Hansen also points out that Food & Chemical Toxicology is a member of the Committee on Publication Ethics, which posits only three reasons that are valid for the retraction of a paper: 1) plagiarism, 2) fraud, and 3) bad data.

Dr. A. Wallace Hayes, the journal’s editor-in-chief, admits that he “found no evidence of fraud or intentional misrepresentation of the data” in Séralini’s study. Says Hansen, “Food & Chemical Toxicology retracted the study because ‘the results are inconclusive.’ But that’s the language of science. Most studies end with a call for more studies to be done. That isn’t justification for a retraction.”
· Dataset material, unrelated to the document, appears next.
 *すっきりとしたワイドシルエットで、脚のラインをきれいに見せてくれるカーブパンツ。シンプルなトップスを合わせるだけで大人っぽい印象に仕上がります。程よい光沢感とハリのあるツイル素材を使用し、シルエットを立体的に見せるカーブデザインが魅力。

“Inconclusive? Until a hypothesis is proven, all results are inconclusive,” Georgetown University Medical Center professors Adrienne Fugh-Berman, MD, and Thomas G. Sherman, Ph.D. concur in a January letter to Bioethics Forum.

In addition, six months after it published Séralini’s study, Food & Chemical Toxicology brought in a new editor to specialize in papers on biotech. Richard E. Goodman worked for Monsanto from 1997-2004 as a regulatory scientist who helped the company get federal approval for biotech crops. Goodman denies involvement with the retraction.

“There are hundreds of studies that should be permanently removed from the scientific literature, but the Séralini study is not one of them,” write Sherman and Fugh-Berman. “The retraction of the Séralini study is a black mark on medical publishing, a blow to science, and a win for corporate bullies.”